Print version ISSN 0100-4042On-line version ISSN 1678-7064

Quím. Nova vol.30 no.1 São Paulo Jan./Feb. 2007

http://dx.doi.org/10.1590/S0100-40422007000100018 

ARTIGO

 

Quantificação de sulfadimetoxina em leite por cromatografia líquida de alta eficiência

 

Sulfadimethoxyne quantification in milk by high performance liquid chromatography

 

 

Carlos Willian Feltrin; Ana Maria de Souza Mello; João Gabriel Rosa dos Santos; Marcelo Volpatto Marques; Nair Maria Seibel; Luiz Antonio Mazzini Fontoura*

Departamento de Química, Fundação de Ciência e Tecnologia, Av. das Indústrias, 2270, 94930-230 Cachoeirinha – RS, Brasil

 

 


ABSTRACT

A method for HPLC determination of sulfadimethoxyne in milk is presented. The analyte isolation and concentration were performed by solid-phase extraction through a C-8 cartridge, pre-conditioned with hexane, methanol and water and eluted with MeOH. The recovery determination was done with a spiked solution of 20, 50 or 100 µg L-1. In this concentration range, the recovery was 83.2% with a RDS of 15.4%. For quantification, a Zorbax Eclipse XDB-C8 (4.6 mm x 150 mm, 5 µm), a mobile phase of MeCN: 0.01 mol L-1 KH2PO4 aq. (1:4), and a variable wavelength detector (275 nm) were used.

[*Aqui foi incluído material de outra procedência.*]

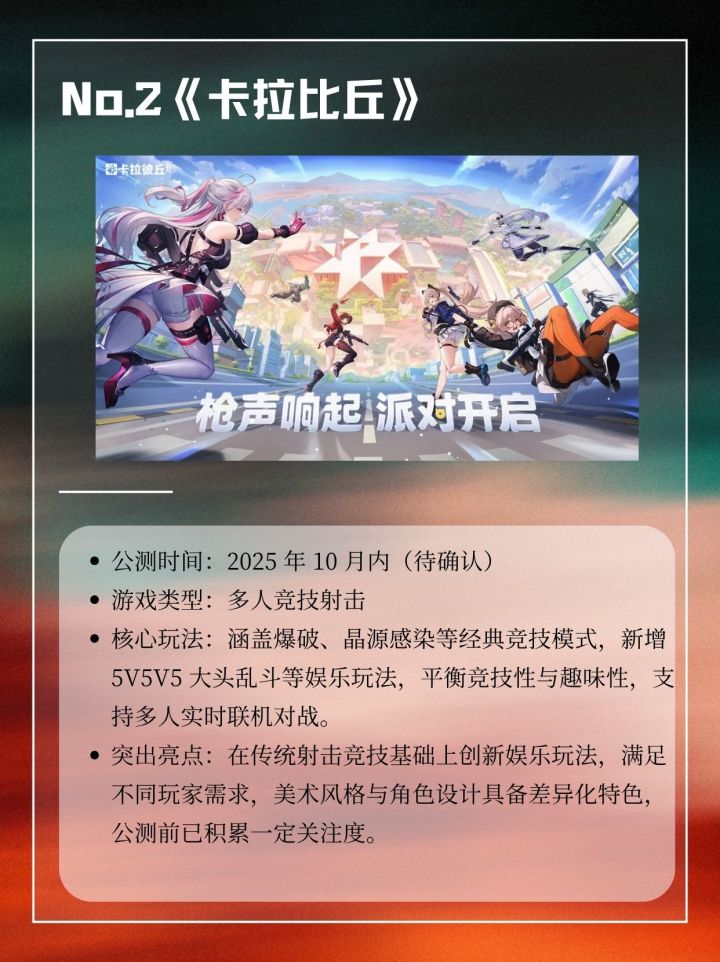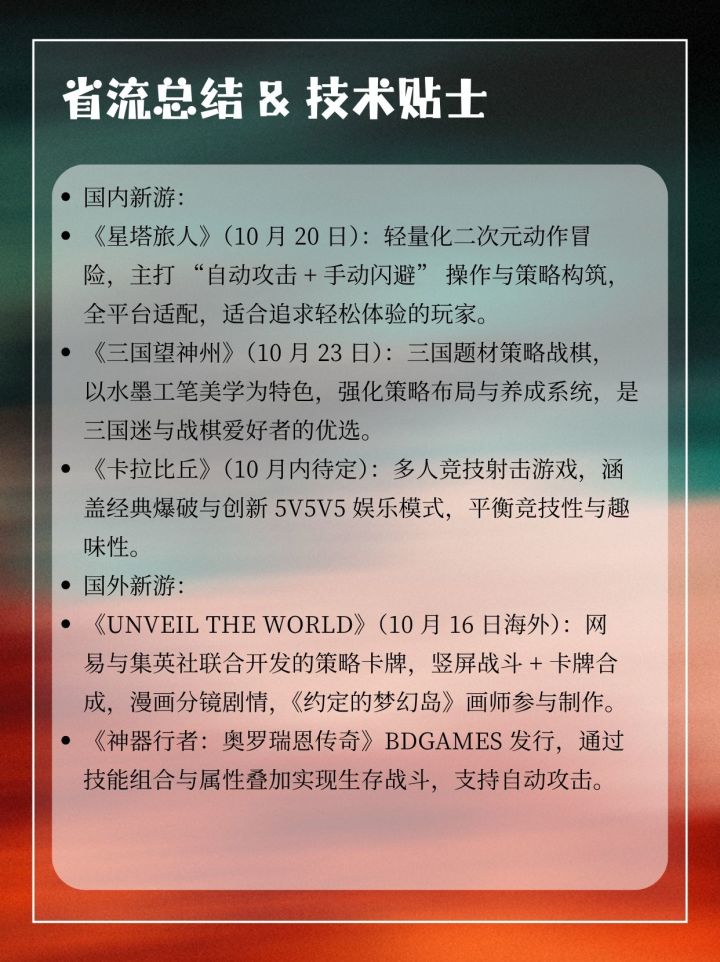 2025 年 10 月国内外手游公测上新榜单

Keywords: sulfadimethoxyne; milk; HPLC.


 

 

INTRODUÇÃO

Sulfonamidas, assim como outras classes de antibióticos, têm sido administradas ao gado leiteiro com objetivos terapêutico, profilático ou, ainda, como estimulante de crescimento. Uma conseqüência dessa prática é a ocorrência de resíduos desses medicamentos no leite, que, mesmo em quantidades traços, podem causar problemas de saúde, como o aparecimento de reações tóxicas no consumidor ou um aumento da resistência de determinadas bactérias ao agente antimicrobiano. Segundo a Agência Nacional de Vigilância Sanitária (ANVISA), são alvo de controle sulfadimetoxina (1) sulfatiazol (2) e sulfametazina (3), tendo sido estabelecido um limite máximo de resíduo (LMR) de 100 µg kg-1 para o somatório das três sulfonamidas1. A Figura 1 apresenta as estruturas químicas das três sulfas.

 

 

A Associação dos Químicos Analíticos Oficiais (AOAC) descreve um método para quantificação de sulfas em leite2 que inclui os compostos 1-3. As sulfas são isoladas por extração líquido-líquido com clorofórmio/acetona (2:1) e analisadas por cromatografia líquida de alta eficiência (CLAE) em coluna C-18, tendo misturas de MeOH e KH2PO4 aq. 0,1 mol L-1 como eluente. O método, entretanto, não possibilita a quantificação simultânea das três sulfas e oferece baixa recuperação para sulfadimetoxina (1) e sulfatiazol (2). Além disso, apresenta os inconvenientes comuns à extração líquido-líquido, como formação de emulsões e grande consumo de solventes.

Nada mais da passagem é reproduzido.